On the eve of Valentine's Day I think about all the time I spent searching for real love and I become disgusted at myself. As a teenager I always had a love interest. I carried this ridiculous habit into my twenties. As I watched people around me get married and have children I began to slightly panic. I soon began to quote a line that I heard from a movie:
"I've been dating since I was 15 years old, I'm tired, WHERE IS HE?"
I slowly began to let my single status lead me into a deep depression. To cure my feelings I would ignorantly watch movies like "The Notebook" or listen to love songs.
I soon began to battle with the spirit of rejection. I led myself to believe that since I was single I was rejected by men, which soon evolved into me believing that I was rejected by everyone.
After YEARS of feeling this way I heard a message about being present in the season that you're in. I knew that I really wanted to be happy with where I was in my life.
And then it happened.,
A rhema word. I had read this scripture before, but now it made sense.

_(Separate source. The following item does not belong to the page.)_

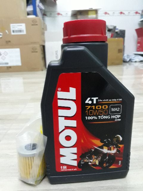 Combo gồm:Dầu nhớt tổng hợp hoàn toàn Motul 7100 10W-50 sử dụng 2500Km thay

"A single woman cares for the things of the Lord, that she may be holy both in body and spirit."
1 Corinthians 7:34
As a Christian, I have never wanted to have a surface relationship with Christ. I always wanted to go deeper. Why was I able to ignore this scripture all those years? I kept justifying my want to be married with scripture, but there is a joy that comes along with being single. As a single woman I should care about the things of the Lord, how I can please Him. I should also focus on being holy in my body and my spirit. That is what He requires from me.

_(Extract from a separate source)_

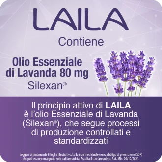 Posologia Gli adulti e gli adolescenti di età superiore ai 12 anni assumono una capsula molle al giorno (corrispondente a 80 mg di olio essenziale di lavanda al giorno). Popolazione pediatrica Laila non deve essere usato nei bambini al di sotto di 12 anni (vedere paragrafo 4.4 Avvertenze speciali e precauzioni d’impiego). Modo di somministrazione Uso orale. Le capsule molli devono essere ingerite intere con sufficiente liquido (preferibilmente un bicchiere di acqua). Durata di trattamento Se i sintomi persistono dopo due settimane di impiego del prodotto, occorre consultare un medico o un operatore sanitario qualificato.
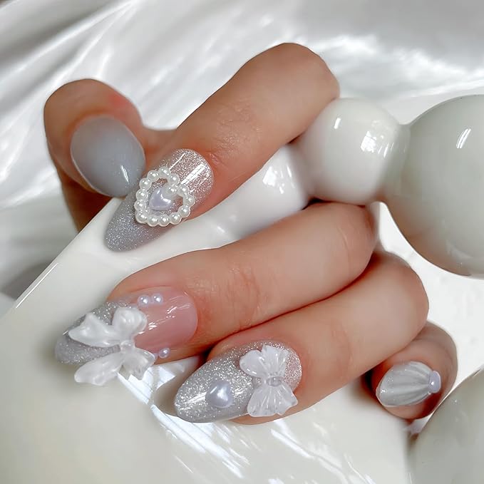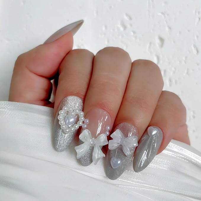 Silver Gradient Cat Eye Press On Nails – 24PCS Medium Almond Fake Nails with 10 Sizes, 3D Floral Design, Reusable Glue-On Nail Tips for Women, Natural Fit for All Occasions

I have once been a victim of hating Valentine's Day. One year I referred to it on my facebook status as "Reminder That You're Single Day". But this year is different. I have responded to the love that has always been around me. I have accepted God's love and what He requires from me at this season in my life. What can be greater than this?
Happy Valentine's Day!
"Whoever does not love, does not know God, because God is love."